The three-result Local Pack that appears above organic results for local searches is not ranked by the same system as regular local or organic SEO. It runs on a dedicated algorithm designed specifically to answer one question: which nearby business is most likely to genuinely satisfy this particular searcher, right now.

The Three Factors: Proximity, Relevance, Prominence

Proximity

How close your business is to the searcher, or to the location they searched, is a direct input. This is the one factor you cannot change through marketing, but understanding it explains why you might rank brilliantly for searches near your premises and barely appear a few miles out.

Relevance

How well your business profile matches what was actually searched for. Accurate categories, a complete and specific business description, and services listed clearly all feed this directly. A generic or incomplete profile makes it harder for the algorithm to confidently match you to a specific search.

Prominence

How well known and well regarded your business is, both online and offline. This draws on review volume and quality, citation consistency across the web, and general engagement with your profile. Prominence is the factor with the most room for a smaller business to compete directly with a bigger, better-resourced competitor.
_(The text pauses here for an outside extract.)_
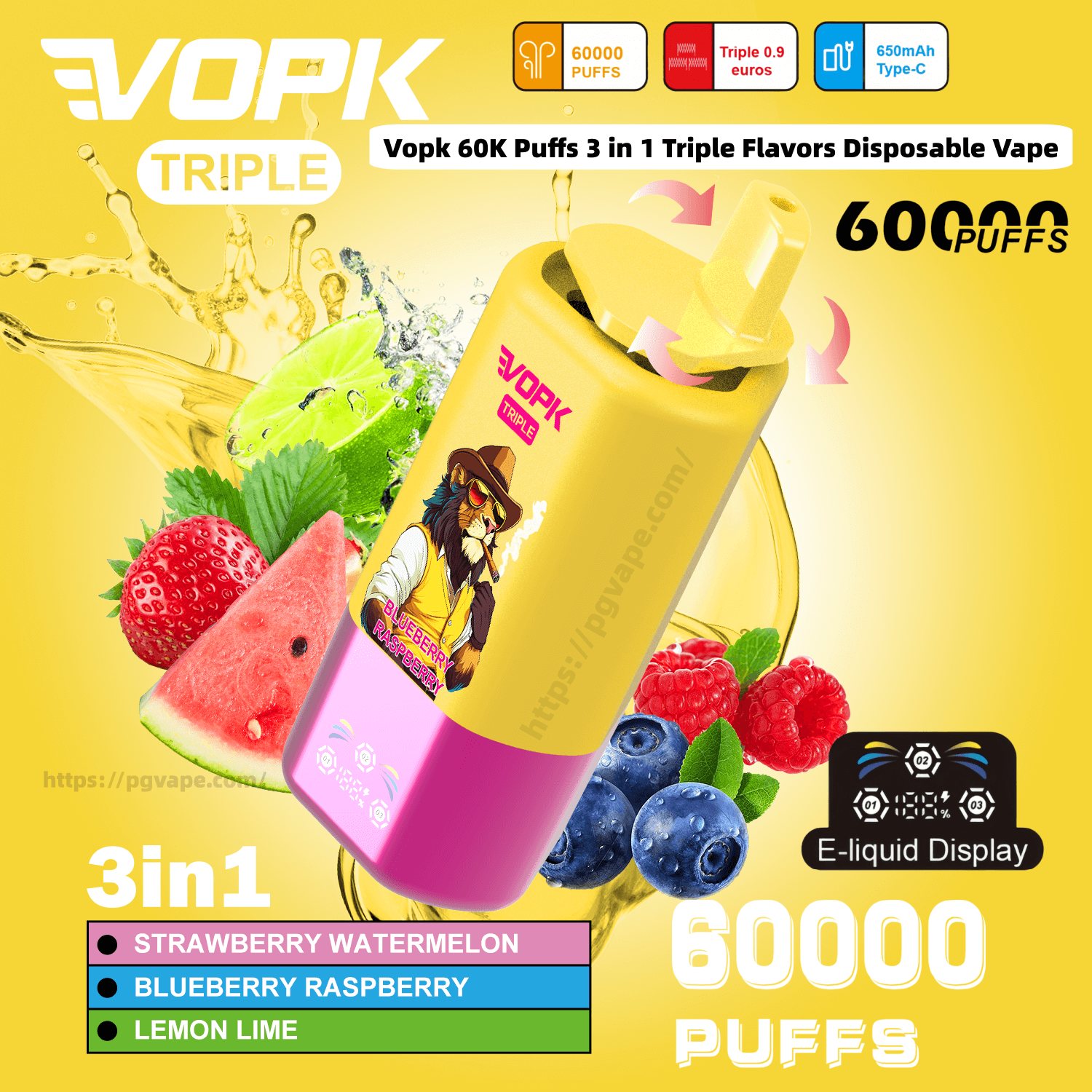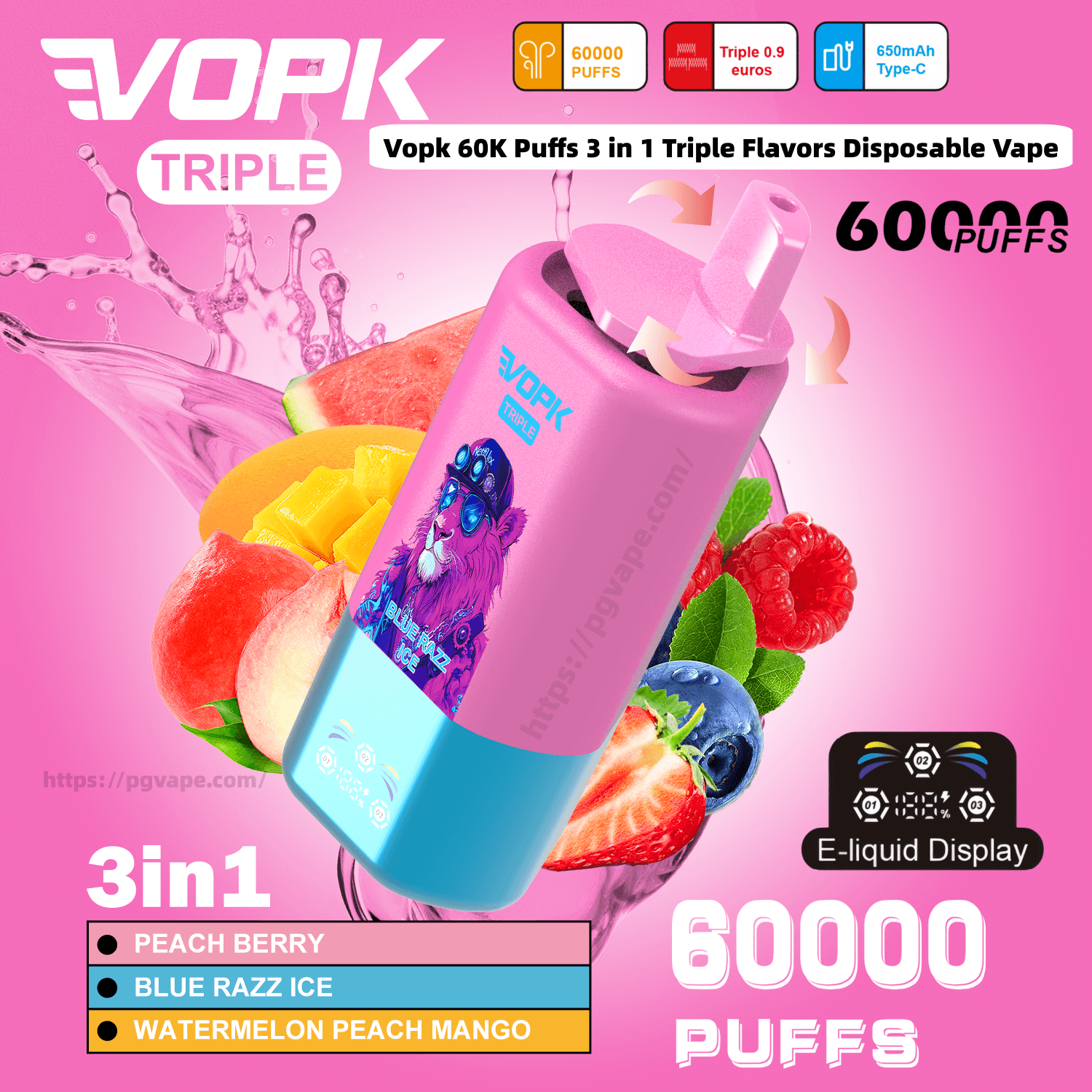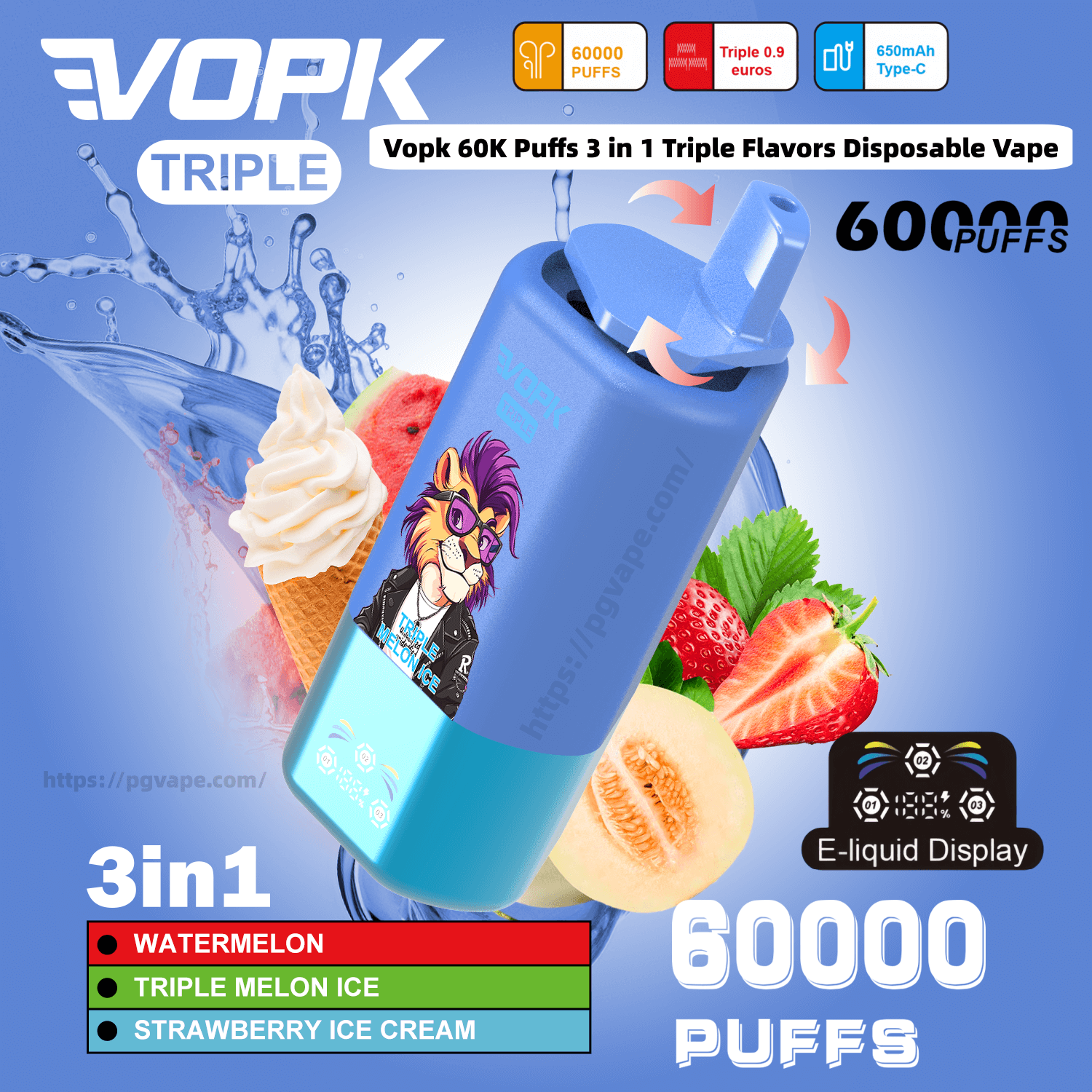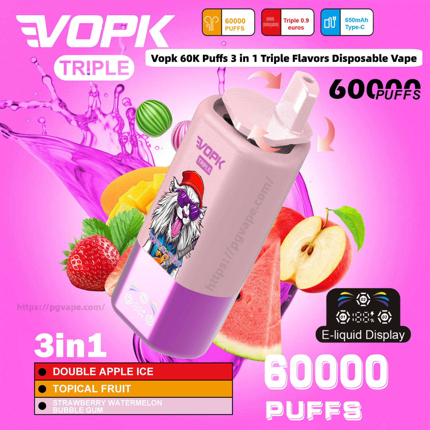Vopk Triple 60K Puffs 3 in 1 Flavors Disposable Vape Flavor List
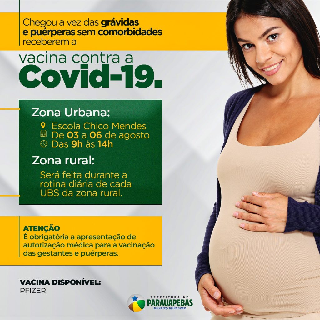 As grávidas e puérperas a partir de 18 anos podem ser vacinadas contra Covid-19 a partir desta terça-feira, 03. A Secretaria Municipal de Saúde (Semsa), já realizou a vacinação das grávidas e puérperas (mulheres de pós-parto de até 45 dias) com comorbidades e agora expande a imunização também para aquelas que não têm comorbidades.

Proximity you cannot change. Relevance and prominence you absolutely can, and they are exactly where a smaller, more attentive business consistently beats a bigger, more distracted one. Stuart Baddiley, Optimise Your Marketing

Reviews and Citations Are Direct Inputs, Not Just Trust Signals

Reviews, citations, category accuracy and engagement with your Google Business Profile all feed the local algorithm directly, not just human perception of your business. Consistent business name, address and phone number details across every directory and listing strengthen the prominence signal, while inconsistent details actively weaken it. Regularly responding to reviews, posting updates, and keeping your profile active all signal to the algorithm that this is a genuinely maintained, trustworthy business.

Why Local Signals Move Faster Than Broader SEO

Local algorithm signals often move faster, and more visibly, than broader SEO signals, because the local algorithm reassesses far more frequently and reacts quickly to fresh reviews, new citations, and profile activity. This cuts both ways. A concentrated push on reviews and profile completeness can lift local rankings within weeks, but neglect can just as quickly let a more active competitor overtake you.

Client result

When a Derbyshire tradesperson closed the gap on a bigger competitor

A trades client in the East Midlands was consistently outranked in the Local Pack by a larger competitor with fewer genuine reviews. We ran a structured, honest review request process and fixed inconsistent citation details across a dozen directories. Local Pack visibility overtook the competitor within seven weeks, with no change to the underlying business.

See how we approach Local

How This Connects to the BIG12 Framework

Local sits right alongside Google in the BIG12, feeding directly into Google Business Profile and the Local Pack ranking system we cover in our guide to how algorithms affect your Google presence. Derbyshire businesses who treat local as a one-off setup task rather than an ongoing pillar are the ones who quietly lose ground to competitors doing the small things consistently. We cover this properly in our online marketing training, and in our wider guide to where algorithms fit into every part of the BIG12.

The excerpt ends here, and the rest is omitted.